Chile Strengthens Transfer Pricing Compliance Through Stricter Documentation Requirements

May 8, 2026

In recent years, Chile has strengthened its regulatory framework for Transfer Pricing in line with the standards established by the Organisation for Economic Co-operation and Development (OECD) and the BEPS Action Plan. As a result, multinational groups operating in the country face increasing documentation and reporting requirements aimed at enhancing tax transparency and reducing the risks of tax base erosion.

Among the main obligations required by the Internal Revenue Service (SII) are the Transfer Pricing Affidavit (Form 1907), the Local File (Form 1951), the Master File (Form 1950), and the Country by Country Report (CbCR – Form 1937). These filings allow the tax authority to assess the consistency of intercompany transactions, the allocation of profits, and the economic substance of multinational operations.

Key Filing Deadlines in Chile

Requirement Standard Deadline (FY 2026) Deadline with Automatic Extension
Transfer Pricing Affidavit (Form 1907) June 30, 2026 September 30, 2026
Local File (Form 1951) June 30, 2026 September 30, 2026
Master File (Form 1950) June 30, 2026 September 30, 2026
Country by Country Report (CbCR) Form 1937 June 30, 2026 September 30, 2026

According to the Internal Revenue Service (SII), taxpayers may be eligible for an automatic extension of up to three additional months for these Transfer Pricing obligations. However, relying on such extensions does not replace the need for adequate planning and advance preparation.

Transfer Pricing Affidavit – Form 1907

Form 1907 is the primary annual transfer pricing return in Chile. Through this filing requirement, taxpayers must report transactions with foreign related parties, including the nature of the transactions, the amounts involved, and the jurisdictions of the counterparties.

This return plays a fundamental role in the SII’s risk assessment processes, as it allows for the identification of inconsistencies, unusual margins, or transactions that may require a more thorough review.

Local File – Form 1951

The Local File contains a detailed analysis of transactions carried out by the Chilean entity with related parties.
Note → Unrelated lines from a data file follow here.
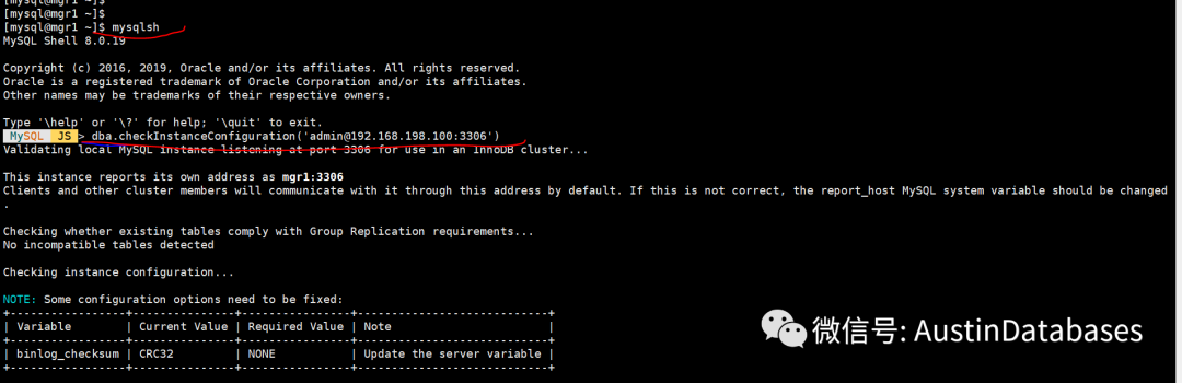 1 我们先对我们的单机的 mysql 进行检查,看看我们的配置哪里还有问题(针对innodb cluster)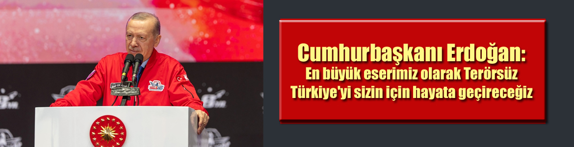 Cumhurbaşkanı Recep Tayyip Erdoğan, “İçinde bulunduğumuz asrı Türkiye Yüzyılı yapana kadar durmayacak, çalışacağız. En büyük eserimiz olarak Terörsüz Türkiye’yi sizin için hayata geçireceğ...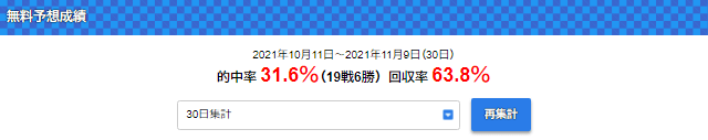 今回の有料予想6日間(11月1日~11月6日)に参加して得た金額は以下の通り。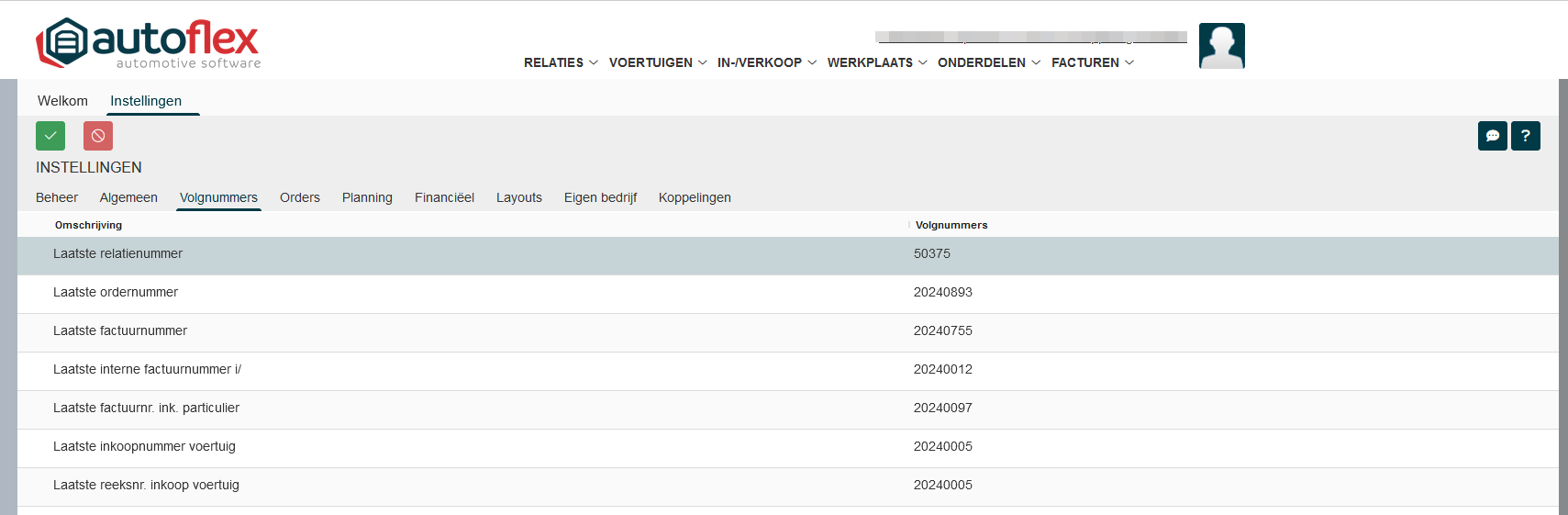 Wil je handmatig de volgnummers aanpassen? Dit kan in de instellingen van Autoflex.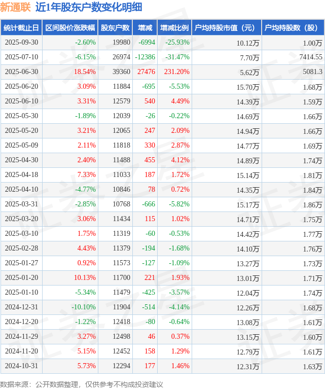 从股价来看,2025年7月10日至2025年9月30日,新通联区间跌幅为2.6%,在此期间股东户数减少6994.0户,减幅为25.93%。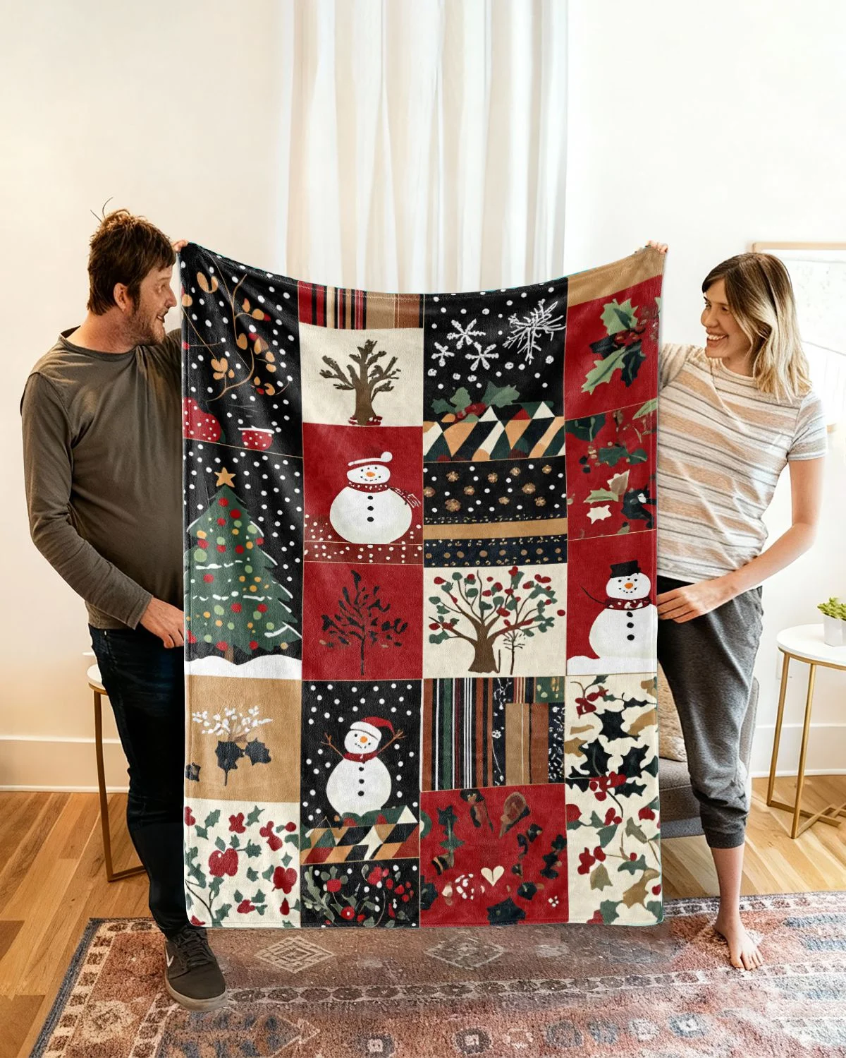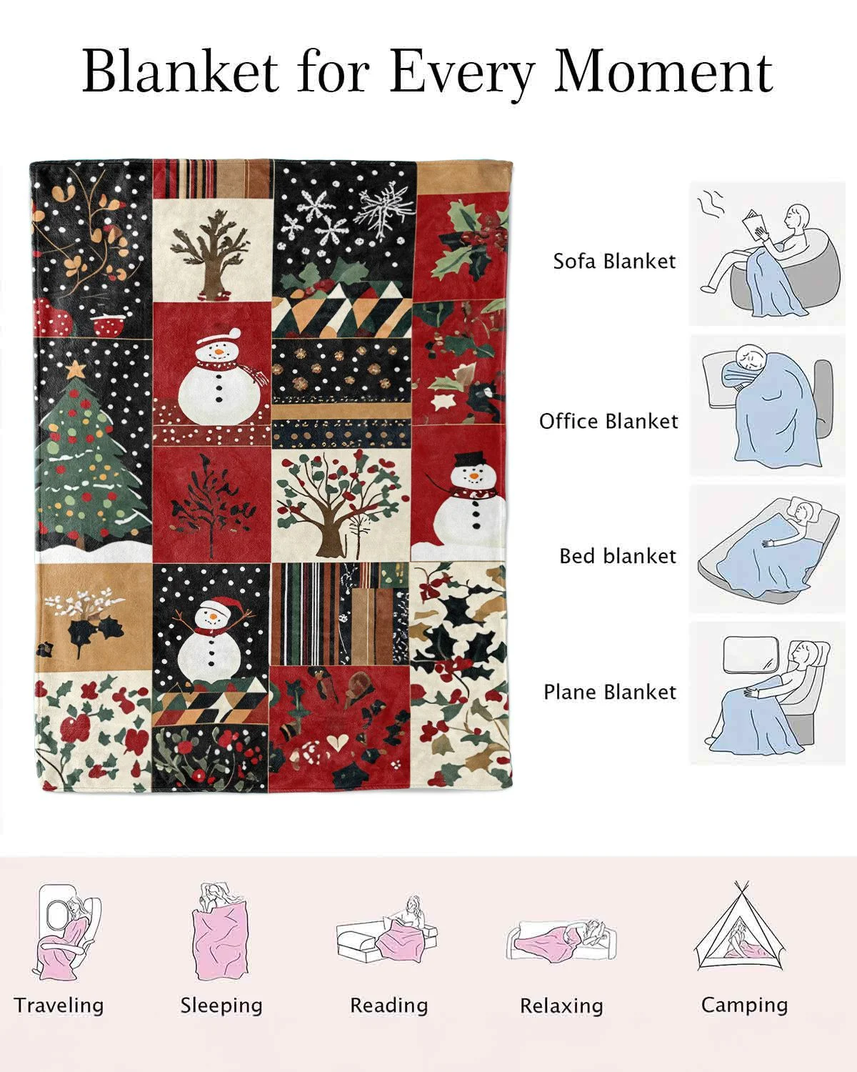 Christmas Holiday Snowman and Tree Love Gift Cozy Flannel Blanket-Cozy Classic,Plush,Warm,Lightweight,For Sofa,Bedroom Use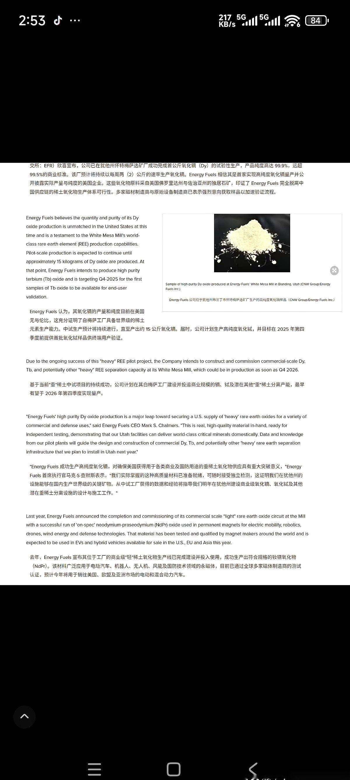 我天,刚刷到个新闻,差点把水喷出来。 美国那边一家公司,号称在稀土提纯上取得了“重大突破”。 周产量,2公斤。 对,你没看错,两公斤,够我买两袋米的分量。 搞的是啥呢?叫“氧化镝”。这玩意儿是干啥的?芯片、尖端磁铁,核心中的核心。但凡高精尖一点的,都得要99.99%起步,五个9、六个9才算入了门。 他们这个“重大突破”,纯度99.9%。 而且啊,人家要的是“金属镝”,他们搞定的是“氧化镝”。差着辈分呢,哥们儿。这就好比人家要吃一碗香喷喷的白米饭,你端上来一把带壳的稻谷,说你看我这稻谷多饱满。 最逗的是什么?是产量。 他们一个月吭哧瘪肚能搞出15公斤,还只是“希望”年底能稳住。 我们呢? 就上个月,氧化镝的产量是292.9吨。 吨!T-O-N! 我数学不好,谁来帮我算算,这是多少倍? 真的,有时候我都怀疑,我们跟他们聊的,是不是同一个工业体系。 他们那叫实验室成果展示会,我们这叫大工业生产。

It includes information on functions performed, risks assumed, assets used, methodologies applied, and comparability studies that support compliance with the arm’s length principle.

Due to its technical complexity, the preparation of the Local File requires significant coordination among the company’s tax, financial, and operational departments. Adequate planning is essential to ensure consistency between the financial information and the supporting economic analysis.

Master File – Form 1950

The Master File provides the SII with an overview of the multinational group’s operations. This document generally includes information related to:

  • organizational structure
  • intangibles
  • financing agreements
  • supply chain
  • global Transfer Pricing policies

Its relevance lies in the fact that it allows the tax authority to understand how value is generated within the group and to assess whether the allocation of profits is consistent with the economic substance of the operations.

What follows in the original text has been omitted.